Therefore, with a friend’s prompt, I started looking at pack from the struct module . So the types of queries were born, the primitive format, packaging and unpacking. Now it is used in the bot absolutely everywhere.

The format is very simple. The first byte is the type, the second is the version. Everything else is data for a particular type. Types are stored as Enum, have an ID , which is the first byte. In addition to ID , each type has a format for packing and unpacking data. For example: type SHOW_TRACK_MENUwhose format has the value "s?", where "s" is the unique identifier of the track, and "?" - Does the track have text.

At tracks used string type because: first, ID of the track can be a concatenation of ID and album ID of the track through the colon, and secondly, it may be the UUID . Tracks with UUID - self-loaded tracks, available only to the user who downloaded them.

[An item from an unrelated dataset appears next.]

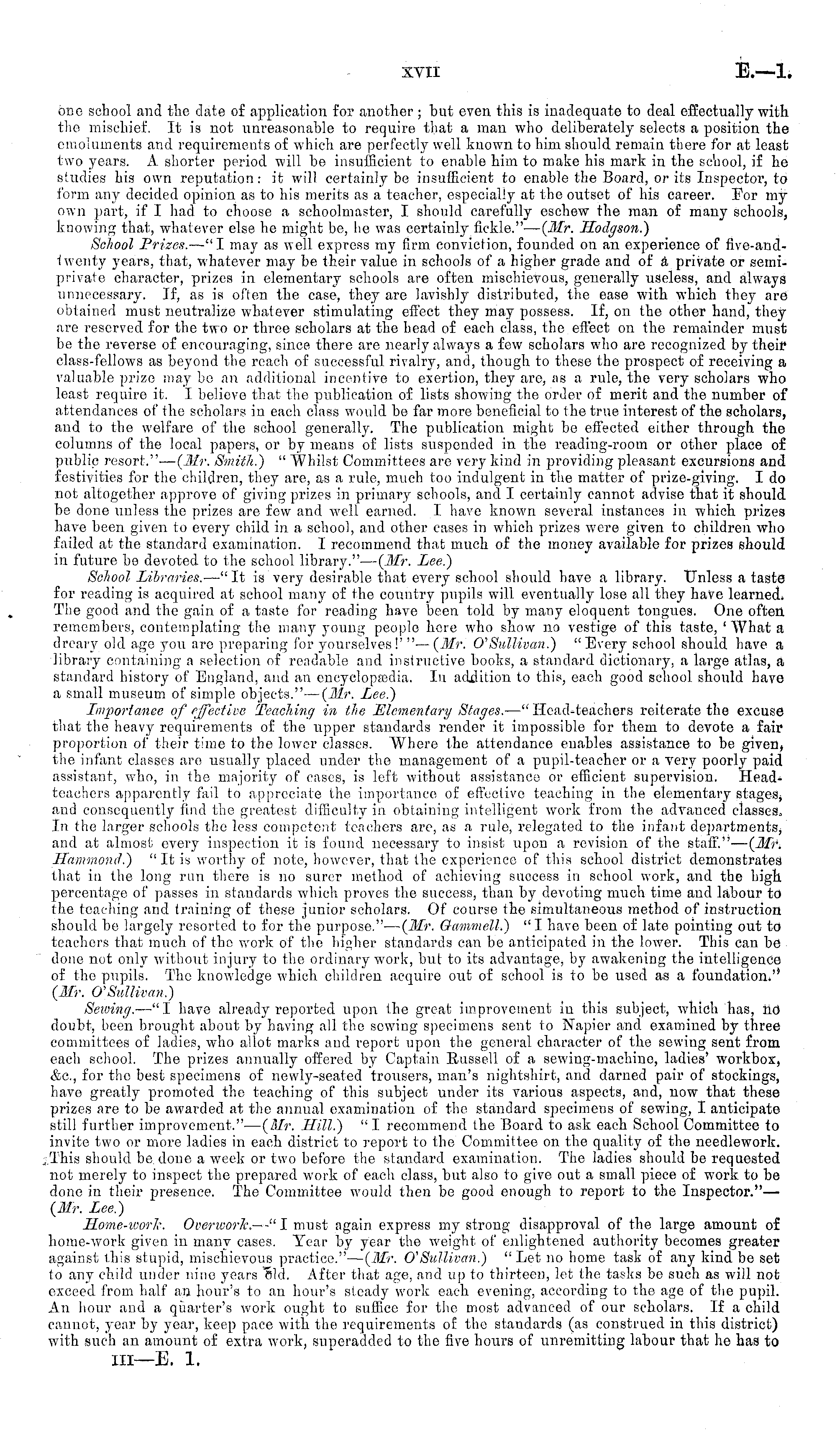 one school and the date of application for another ; but even this is inadequate to deal effectually with the mischief. It is not unreasonable to require that a man who deliberately selects a position the emoluments and requirements of which are perfectly well known to him should remain there for at least two years. A shorter period will be insufficient to enable him to make his mark in the school, if he studies his own reputation: it will certainly be insufficient to enable the Board, or its Inspector, to form any decided opinion as to his merits as a teacher, especially at the outset of his career. ]?or my own part, if I had to choose a schoolmaster, I should carefully eschew the man of many schools, knowing that, whatever else he might be, he was certainly fickle." — (Mr. Hodgson.) Softool Prizes. —"I may as well express my firm conviction, founded on an experience of fivo-and-iwenty years, that, whatever may be their value in schools of a higher grade and of a private or semiprivate character, prizes in elementary schools are often mischievous, generally useless, and always unnecessary. If, as is often the case, they are lavishly distributed, the ease with which they are obtained must neutralize whatever stimulating effect they may possess. If, on the other hand, they are reserved for the two or three scholars at the head of each class, the effect on the remainder must be the reverse of encouraging, since, there are nearly always a few scholars who are recognized by their class-fellows as beyond the reach of successful rivalry, and, though to these the prospect of receiving a valuable prize may be an additional incentive to exertion, they are, as a rule, the very scholars who least require it. I believe that the publication of lists showing the order of merit and the number of attendances of the scholars in each class would be far more beneficial to the true interest of the scholars, and to the welfare of the school generally. The publication might be effected either through the columns of the local papers, or by means of lists suspended in the reading-room or other place of public resort."— (Mr. Smith.) " Whilst Committees are very kind in providing pleasant excursions and festivities for the children, they are, as a rule, much too indulgent in the matter of prize-giving. Ido not altogether approve of giving prizes in primary schools, and I certainly cannot advise that it should be done unless the prizes are few and well earned. I have known several instances in which prizes have been given to every child in a school, and other cases in which prizes were given to children who failed at the standard examination. I recommend that much of the money available for prizes should in future be devoted to the school library."— (Mr. Lee.) School Libraries.— 11 It is very desirable that every school should have a library. Unless a taste for reading is acquired at school many of the country pupils will eventually lose all they have learned. The good and the gain of a taste for reading have been told by many eloquent tongues. One often, remembers, contemplating the many young people here who show no vestige of this taste, ' What a dreary old ago you are preparing for yourselves!' " — (Mr. o''Sullivan.) "Every school should have a library containing a selection of readable and instructive books, a standard dictionary, a large atlas, a standard history of England, and an encyclopaedia. In addition to this, each good school should have a small museum of simple objects." — (Mr. Lee.) Importance of effective Teaching in the Elementary Stages. —" Head-teachers reiterate the excuse that the heavy requirements of the upper standards render it impossible for them to devote a fair proportion of their time to the lower classes. Where the attendance enables assistance to be given, the infant classes are usually placed under the management of a pupil-teacher or a Very poorly paid assistant, who, in the majority of cases, is left without assistance or efficient supervision. Headteachers apparently fail to appreciate the importance of effective teaching in the elementary stages^ and consequently find the greatest difficulty in obtaining intelligent work from the advanced classes, In the larger schools the less competent teachers are, as a rule, relegated to the infant departments, and at almost every inspection it is found necessary to insist upon a revision of the staff."— (Mr. Hammond.) "It is worthy of note, however, that the experience of this school district demonstrates that in the long run there is no surer method of achieving success in school work, and the high, percentage of passes in standards which proves the success, than by devoting much time and labour to the teaching and training of these junior scholars. Of course the simultaneous method of instruction should bo largely resorted to for the purpose." — (Mr. Gammell.) "I have been of late pointing out to teachers that much of the work of the higher standards can be anticipated in the lower. This can be done not only without injury to the ordinary work, but to its advantage, by awakening the intelligence of the pupils. The knowledge which children acquire out of school is to be used as a foundation.'' (Mr. O'SulUvan.) Sewing. —"I have already reported upon the great improvement in this subject, which has, no" doubt, been brought about by having all the sewing specimens sent to Napier and examined by three committees of ladies, who allot marks and report upon the general character of the sewing sent from each school. The prizes annually offered by Captain Russell of a sewing-machine, ladies' workbox, &c, for the best specimens of newly-seated trousers, man's nightshirt, and darned pair of stockings, have greatly promoted the teaching of this subject under its various aspects, and, vow that these prizes are to be awarded at the annual examination of the standard specimens of sewing, I anticipate still further improvement."—

Since the data does not always correspond to the format, for example, the same track ID can be represented simply by a number, before packing it must be cast into a type for the format. In this case, s. Therefore, in the class there is a method that normalizes the transferred data for packaging, so as not to do it yourself when passing to the constructor.

Strings are self-sufficient and are able to indicate their length when packaging and take this length into account when unpacking.

Support for older versions was not planned, so an exception is thrown if versions do not match. When processing updates, which I will discuss in the next paragraph, the necessary logic is called.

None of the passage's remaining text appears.